12. As new copies of the viral DNA sections are built, the marker labels attach to the DNA strands and then release a fluorescent dye, which is measured by the machine’s computer and presented in real time on the screen.
13. The computer tracks the amount of fluorescence in the sample after each cycle.
14. When the amount goes over a certain level of fluorescence, this confirms that the virus is present.
15. Scientists also monitor how many cycles it takes to reach this level in order to estimate the severity of the infection: the fewer the cycles, the more severe the viral infection is.

1. RNA - Ribonucleic acid
2. Assay - Procedure to detect target entity
3. DNA - Deoxyribonucleic acid
4. Antibody - Ab is a large Y-shaped protein
5. Antigen - Ag are Structures bound by Ab
6. RT-PCR - Reverse transcription polymerase chain reaction

1. In case of an infection, the antigens present on the virus elicits an immune response in the body.

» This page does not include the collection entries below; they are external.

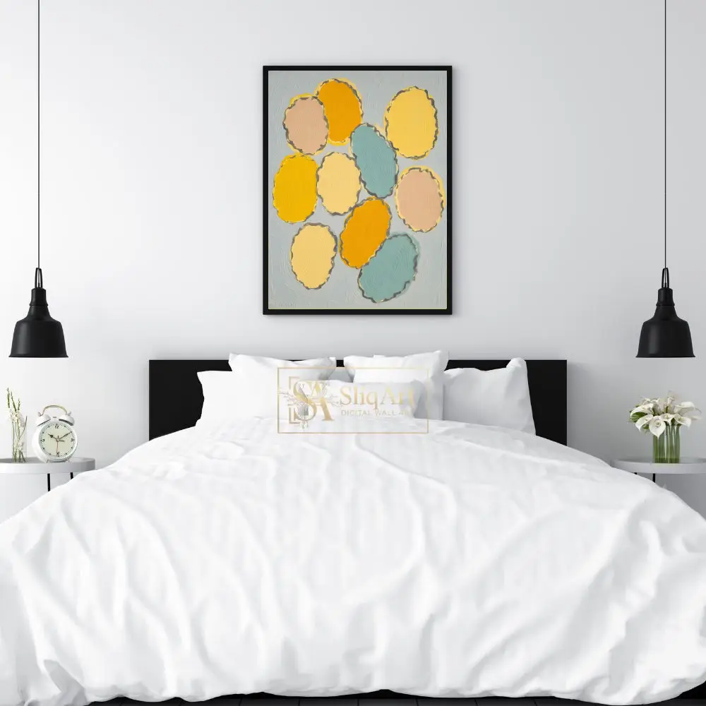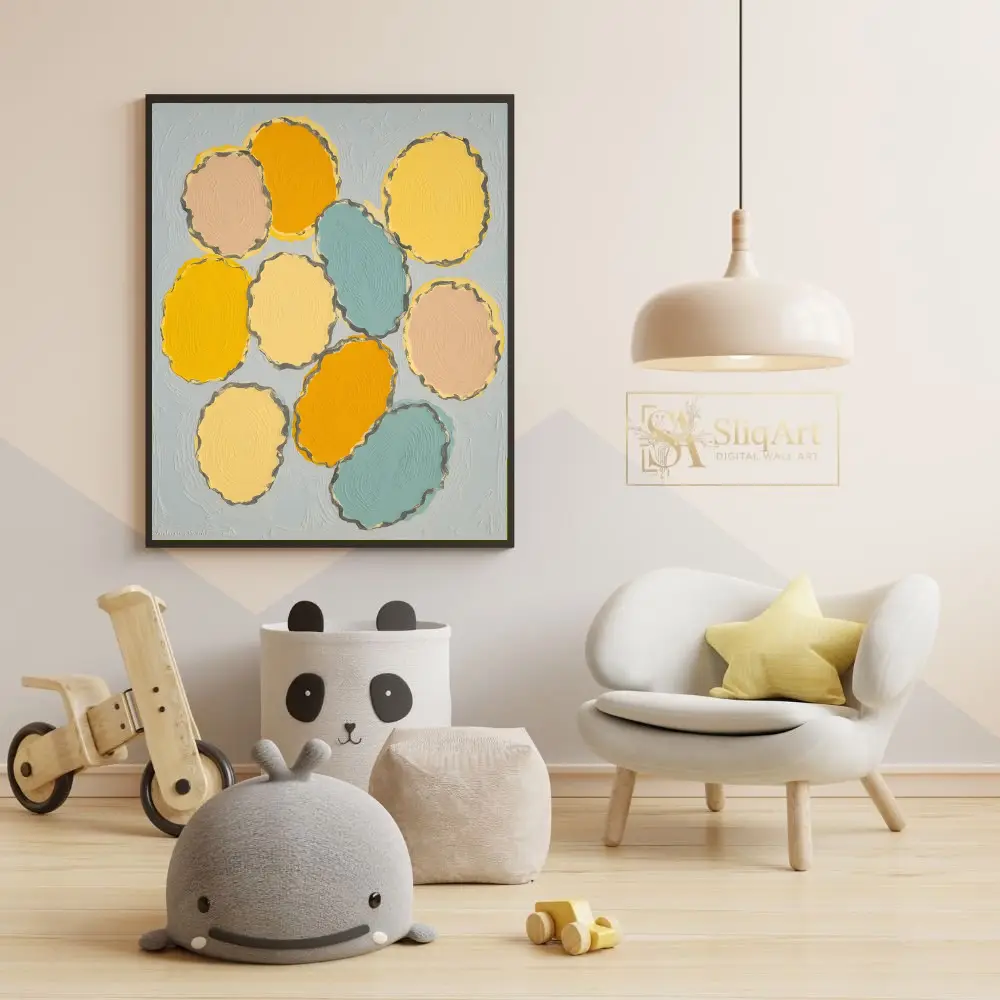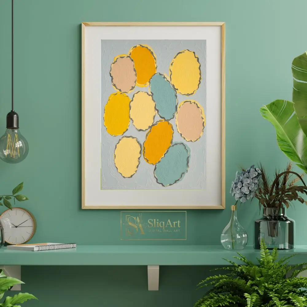 The vibrant palette combines warm mustard yellows and soft peach tones with cool, muted teal, all set against a calming light grey background. The dark, undulating outlines around each form provide a modern, graphic edge, making this a perfect centerpiece for contemporary home decor.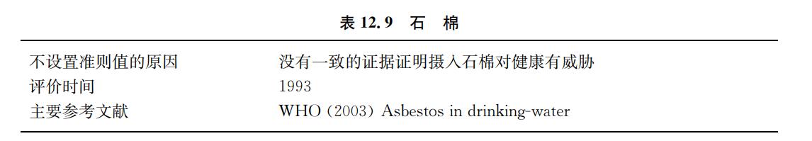 水中的石棉來自含石棉的材料和礦石在水中的分解,也來自工業(yè)排放物以及大氣污染 和供水系統(tǒng)中的石棉 水泥管道。石棉纖維從石棉 水泥管剝落可對(duì)水的供應(yīng)造成威脅。有 限的資料顯示,在淋浴或空氣潮濕時(shí),從自來水釋放到大氣的石棉暴露量可以忽略不計(jì)(見 表12.9)。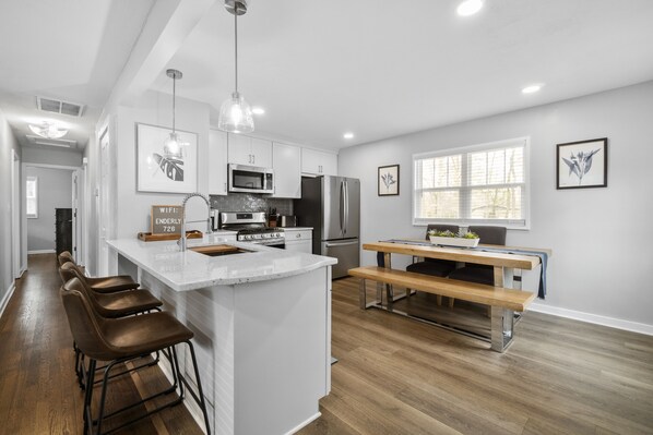 This three bedroom, one bathroom home just underwent a full renovation both inside and out. Whether traveling for business or pleasure, you'll have everything you need with Spectrum high speed internet/WiFi, a fully equipped kitchen, Keurig coffee machine along with a washer & dryer. The open living room is filled with ample seating along with a brand new 55" smart TV with Spectrum cable. The sofa also pulls out into a full size memory foam mattress. The kitchen is stocked with brand new stainless steel appliances, air fryer, and a large dinning table for gathering around.

2. This response triggers a cascade mechanism for the development of antibodies against the antigens.
3. The produced antibodies are isolated from the human blood or plasma and are introduced into a mice.
4. The antibodies from a human system are detected as foreign entities by the mice immune system and they start producing antibodies against the antibodies from the human system.
5. These newly produced antibodies are called as anti-antibodies or monoclonal antibodies.
6. Anti- antibodies from the mice bind to a secondary antibody that are labelled with a marker for identification purposes.
7. This anti-antibody and tagged secondary antibody complex is coated on the test paper strip.
8. On addition of the sample for detection of infection(test sample), antibodies from the test sample will bind to the anti- antibodies and due to the marker on the secondary antibody, a response will be exhnibited. Thus, giving out results in visual form.